> **Work required**: The whole listing is to be given again without alteration, except that its pictures are dropped.

---- Given data

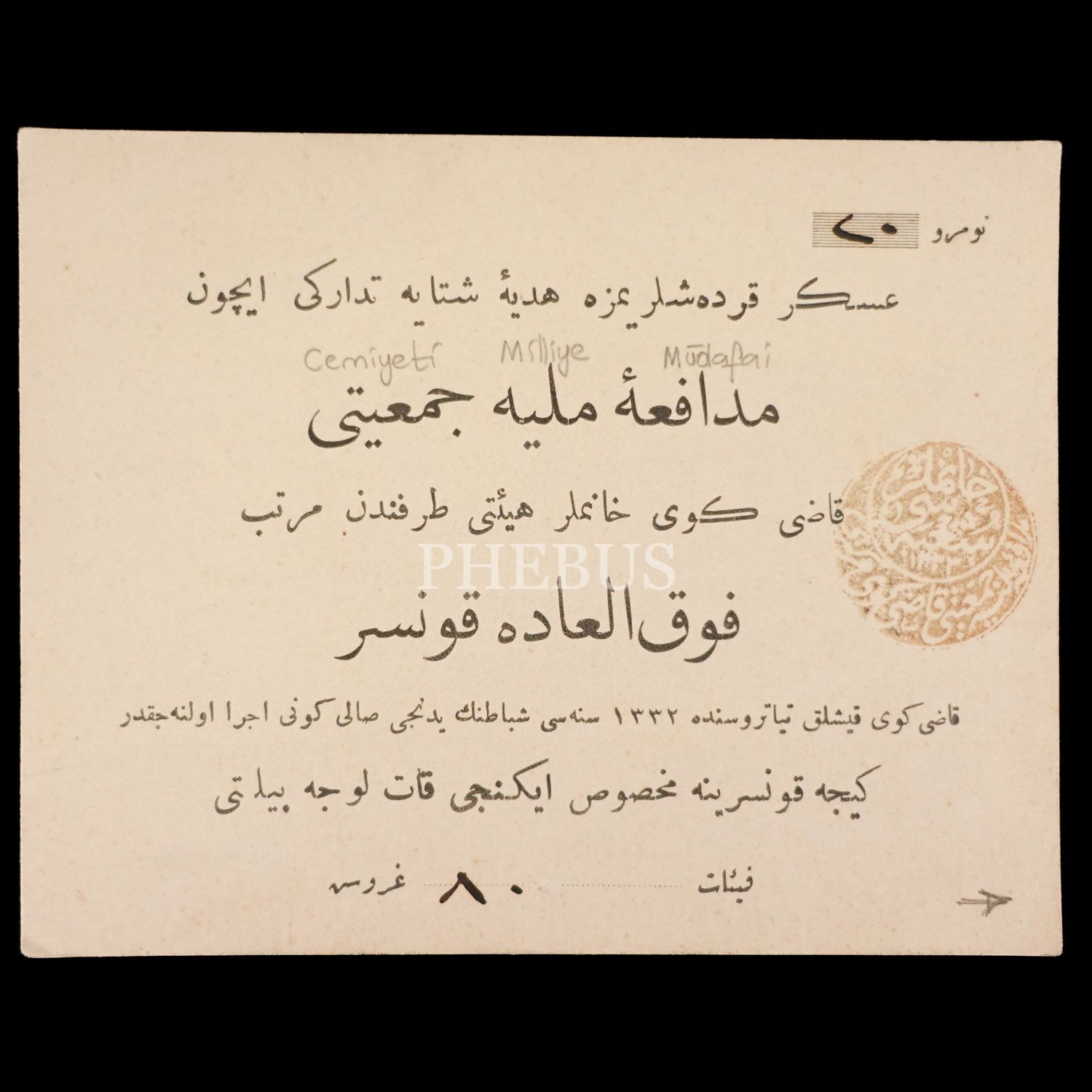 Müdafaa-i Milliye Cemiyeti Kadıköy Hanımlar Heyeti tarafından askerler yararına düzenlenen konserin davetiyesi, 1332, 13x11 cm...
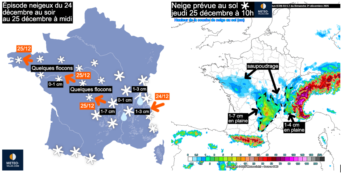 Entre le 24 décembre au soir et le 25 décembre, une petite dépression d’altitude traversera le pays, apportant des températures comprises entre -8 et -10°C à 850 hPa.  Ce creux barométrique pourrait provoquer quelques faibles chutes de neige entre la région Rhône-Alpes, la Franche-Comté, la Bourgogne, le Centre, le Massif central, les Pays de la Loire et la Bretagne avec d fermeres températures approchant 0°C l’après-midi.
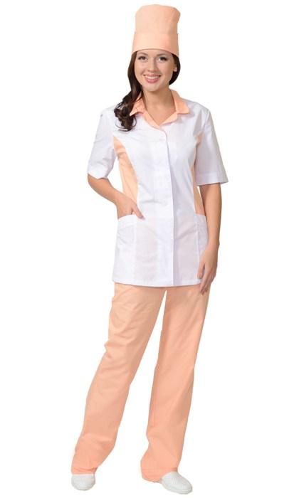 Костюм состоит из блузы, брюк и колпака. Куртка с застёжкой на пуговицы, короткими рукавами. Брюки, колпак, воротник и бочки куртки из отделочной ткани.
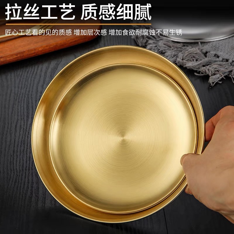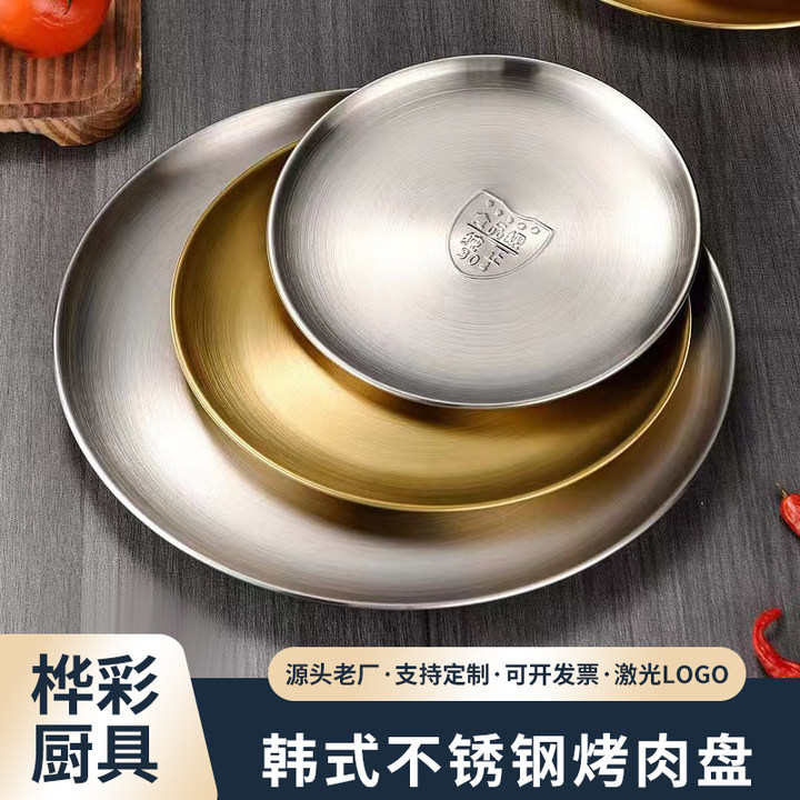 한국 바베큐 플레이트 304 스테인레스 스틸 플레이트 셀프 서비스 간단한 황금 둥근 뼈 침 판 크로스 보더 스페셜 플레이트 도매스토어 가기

--------

> **Reply**:
 Müdafaa-i Milliye Cemiyeti Kadıköy Hanımlar Heyeti tarafından askerler yararına düzenlenen konserin davetiyesi, 1332, 13x11 cm...
 Entre le 24 décembre au soir et le 25 décembre, une petite dépression d’altitude traversera le pays, apportant des températures comprises entre -8 et -10°C à 850 hPa.  Ce creux barométrique pourrait provoquer quelques faibles chutes de neige entre la région Rhône-Alpes, la Franche-Comté, la Bourgogne, le Centre, le Massif central, les Pays de la Loire et la Bretagne avec d fermeres températures approchant 0°C l’après-midi.
 Костюм состоит из блузы, брюк и колпака. Куртка с застёжкой на пуговицы, короткими рукавами. Брюки, колпак, воротник и бочки куртки из отделочной ткани.
 한국 바베큐 플레이트 304 스테인레스 스틸 플레이트 셀프 서비스 간단한 황금 둥근 뼈 침 판 크로스 보더 스페셜 플레이트 도매스토어 가기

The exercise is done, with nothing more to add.